“When are you going to get a real job?”
I heard those stinging works barely four weeks ago and somehow, it has lingered in my mind all this while. While you try to get it all together and put up a brave face for the world, deep within you may be fighting tough battles. This has been for some weeks now. I see the vision of where I God is taking me, I am excited about it and I’m ready to work as hard as I can to get there. Problem is my family members don’t see this vision.
My mum asked me the question above when I informed her that I would be travelling to Ibadan for a programme organised by church. You should have seen the look on her face, like I am wasting my life. I know…I should be used to such reactions right? Maybe. I just felt that after all these years, maybe, just maybe, my family will understand or just accept that I am not willing to go the path they want me to go. But that’s not the case. It’s like they are waiting for me to say, “Ok I have come to my senses and I am not doing this Jesus thing again.”
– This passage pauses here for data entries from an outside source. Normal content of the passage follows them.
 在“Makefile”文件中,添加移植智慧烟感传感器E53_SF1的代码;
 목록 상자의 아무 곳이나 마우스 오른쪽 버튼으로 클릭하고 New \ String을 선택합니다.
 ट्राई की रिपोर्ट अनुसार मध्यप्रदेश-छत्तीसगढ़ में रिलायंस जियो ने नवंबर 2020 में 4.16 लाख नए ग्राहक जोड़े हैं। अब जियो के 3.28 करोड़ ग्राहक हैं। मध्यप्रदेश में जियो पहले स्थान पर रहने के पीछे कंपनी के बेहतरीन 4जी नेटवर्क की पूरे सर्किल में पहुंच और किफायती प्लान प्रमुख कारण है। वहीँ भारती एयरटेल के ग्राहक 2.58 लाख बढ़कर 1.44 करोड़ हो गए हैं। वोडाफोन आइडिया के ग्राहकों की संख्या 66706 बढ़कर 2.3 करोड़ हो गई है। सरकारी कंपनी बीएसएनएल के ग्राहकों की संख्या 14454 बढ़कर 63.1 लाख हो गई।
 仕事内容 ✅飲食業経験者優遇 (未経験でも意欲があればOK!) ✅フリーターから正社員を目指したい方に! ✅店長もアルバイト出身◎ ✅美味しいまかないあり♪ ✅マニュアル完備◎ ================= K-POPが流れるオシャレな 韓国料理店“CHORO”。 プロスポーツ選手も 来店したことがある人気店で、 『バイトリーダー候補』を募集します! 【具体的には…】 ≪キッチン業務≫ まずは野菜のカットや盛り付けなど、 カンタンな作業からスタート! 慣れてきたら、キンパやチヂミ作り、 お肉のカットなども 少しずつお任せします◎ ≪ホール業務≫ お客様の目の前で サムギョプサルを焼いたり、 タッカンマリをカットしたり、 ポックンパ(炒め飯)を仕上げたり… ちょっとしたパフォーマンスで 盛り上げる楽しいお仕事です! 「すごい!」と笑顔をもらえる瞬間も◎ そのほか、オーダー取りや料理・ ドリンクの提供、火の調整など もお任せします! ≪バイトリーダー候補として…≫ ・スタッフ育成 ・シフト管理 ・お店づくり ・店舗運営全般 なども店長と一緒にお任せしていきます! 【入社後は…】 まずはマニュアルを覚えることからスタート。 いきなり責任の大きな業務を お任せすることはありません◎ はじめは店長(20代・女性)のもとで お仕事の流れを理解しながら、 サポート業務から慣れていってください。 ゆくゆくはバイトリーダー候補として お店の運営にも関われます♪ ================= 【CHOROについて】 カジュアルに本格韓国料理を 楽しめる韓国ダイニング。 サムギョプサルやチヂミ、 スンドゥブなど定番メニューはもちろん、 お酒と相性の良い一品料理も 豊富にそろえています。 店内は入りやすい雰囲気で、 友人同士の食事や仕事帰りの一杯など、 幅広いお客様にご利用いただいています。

While the words and side comments are hurtful, I still feel bad. There are many things I would love to do for my family but I can’t do them right now. I would love to support my mum financially but it’s not yet time for that. I also wish they could be proud of me. I went somewhere with my mum over the weekend and when it came to the point of talking about what I do, I saw the embarrassed look on her face. I pretended as if I wasn’t paying attention to the conversation but I know my mum was wishing she could say, “Adedoyin is working in shell.” My aunties look at me like “What in the world are you doing with your life?”
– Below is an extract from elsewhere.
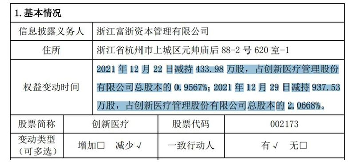 同日另一则消息是,股东富浙资本披露,其在2021年12月22日减持433.98万股,12月29日减持937.53万股,合计减持股份占创新医疗总股本的3.02%,减持后仅剩1.01%的股份。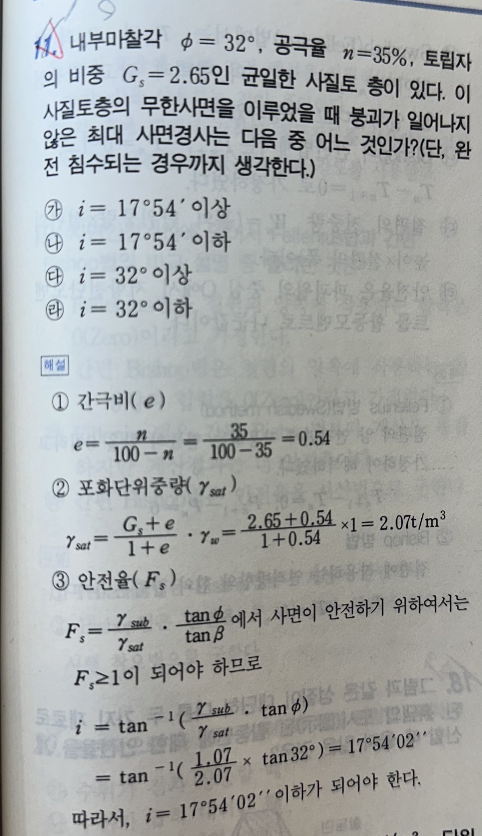 네 님처럼 두 가지(지표면과 지하수면이 일치하는 경우, 수중에 잠긴 경우)를 각각 구해서 비교해서 풀이하는 것이 맞습니다. 교재의 해설에서는 수중에 대한 경우는 해설을 하지 않았습니다.

God has placed me in my family for a reason but it really does get tough. I am could be stubborn but having to keep my head above all the negativity has been overwhelming. But this is the confidence that I hold on to; God who has started this good work in me will bring it to completion. I don’t know how long it will take but I know my family will be using me to boast to people. That’s what keeps me going despite all the side talk and mockery.
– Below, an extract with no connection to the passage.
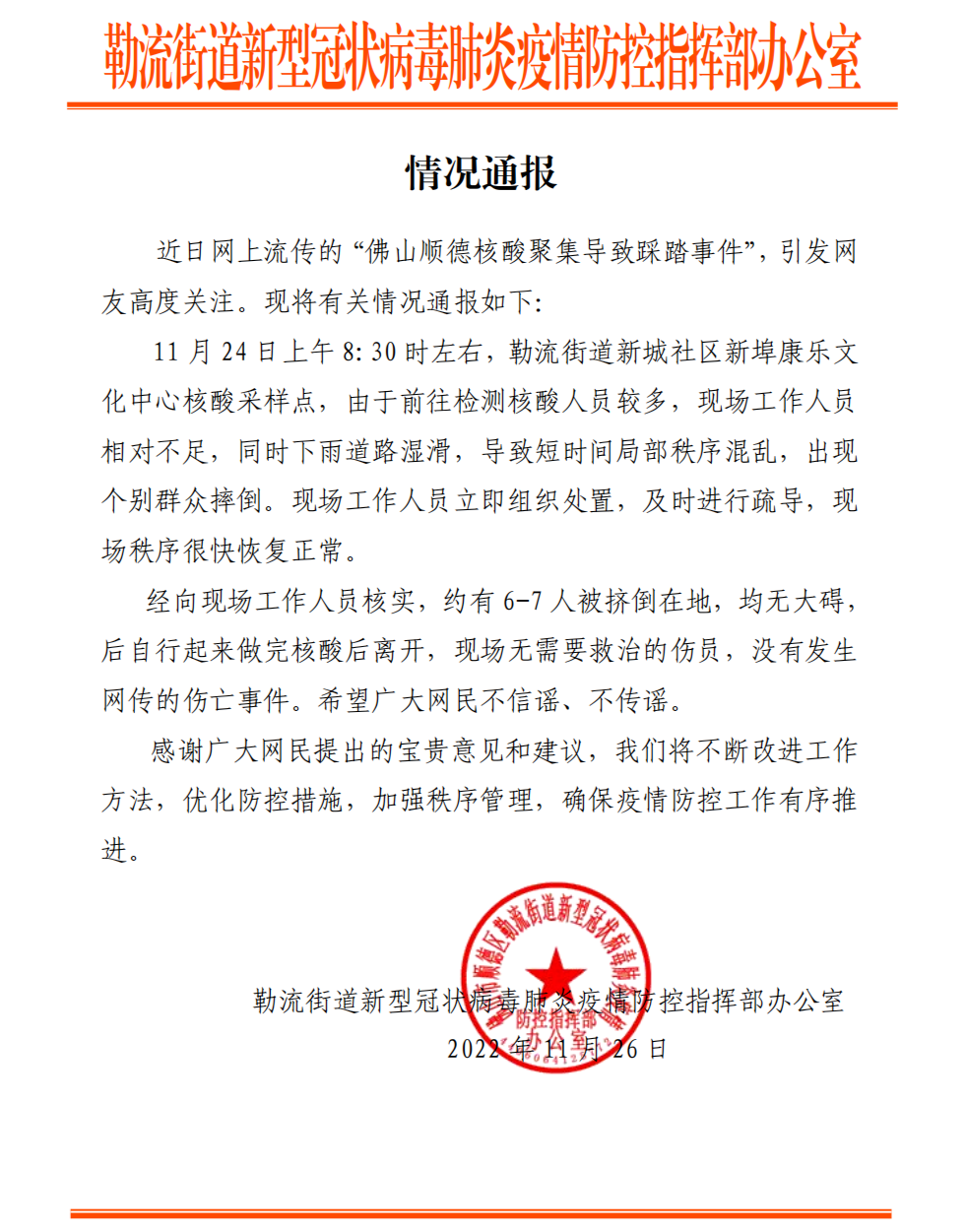 近日网上流传的“广东佛山顺德核酸聚集导致踩踏事件”,引发网友高度关注。11月26日晚,佛山顺德区勒流街道新型冠状病毒肺炎疫情防控指挥部办公室通报,确有6至7人被挤倒,但均无大碍,没有发生网传的伤亡事件。通报称,11月24日上午8:30左右,勒流街道新城社区新埠康乐文化中心核酸采样点,由于前往检测核酸人员较多,现场工作人员相对不足,同时下雨道路湿滑,导致短时间局部秩序混乱,出现个别群众摔倒。现场工作人员立即组织处置,及时进行疏导,现场秩序很快恢复正常。经向现场工作人员核实,约有6-7人被挤倒在地,均无大碍,后自行起来做完核酸后离开,现场无需要救治的伤员,没有发生网传的伤亡事件。希望广大网民不信谣、不传谣。佛山顺德区勒流街道新型冠状病毒肺炎疫情防控指挥部办公室表示,今后将不断改进工作方法,优化防控措施,加强秩序管理,确保疫情防控工作有序推进。![]()

And then, there is the important issue of walking in love towards my family members. This has been the hardest part of my love walk. It’s so easy to love people who love you back. Try loving people who think you are wasting your life. It’s not very easy to do but it must be done. I think about Jesus and really, how did He do it? While He was on earth, He loved everyone including the people who crucified Him. That’s just deep. I’m really praying that God will reveal more of His love to me because right now, I just feel discouraged. Something happened yesterday which I cannot really share here. I had to sing just to keep myself from screaming the frustration away. And I know all the cold attitude and comments I received were as a result of the fact that I have chosen to throw everything away and pursue Christ.
Love can be difficult in certain circumstances but it’s not an excuse to give up. The person you are trying to love may persist in their mean behaviour. That’s their problem. You stay committed to your quest to love. What I have realised is that when you do this, you become a better person. You learn to overlook certain things. You also learn how to be more tolerant. I tell my friends that God is dealing with me in the area of long suffering. I can be very impatient with people. Before now, if you offend me or do something I don’t like, I will simply move on. I would have fought my family members for any bad comments they made to me. Now, I’m learning to hold my tongue and just be patient. Although it has not been easy, I cannot count the number of arguments I have saved myself from.
Obviously I am not perfect yet but I’m getting better. I pray I get to the point where the things people do in my family will not get to me. I don’t want comments to linger in my mind for four weeks anymore. I want to be able to take in the good and discard the bad. Whatever side they decide to show me, I want to be able to love them anyway.
God makes everything beautiful in its time. I believe very soon, everything will be beautiful in my family. Amen and amen!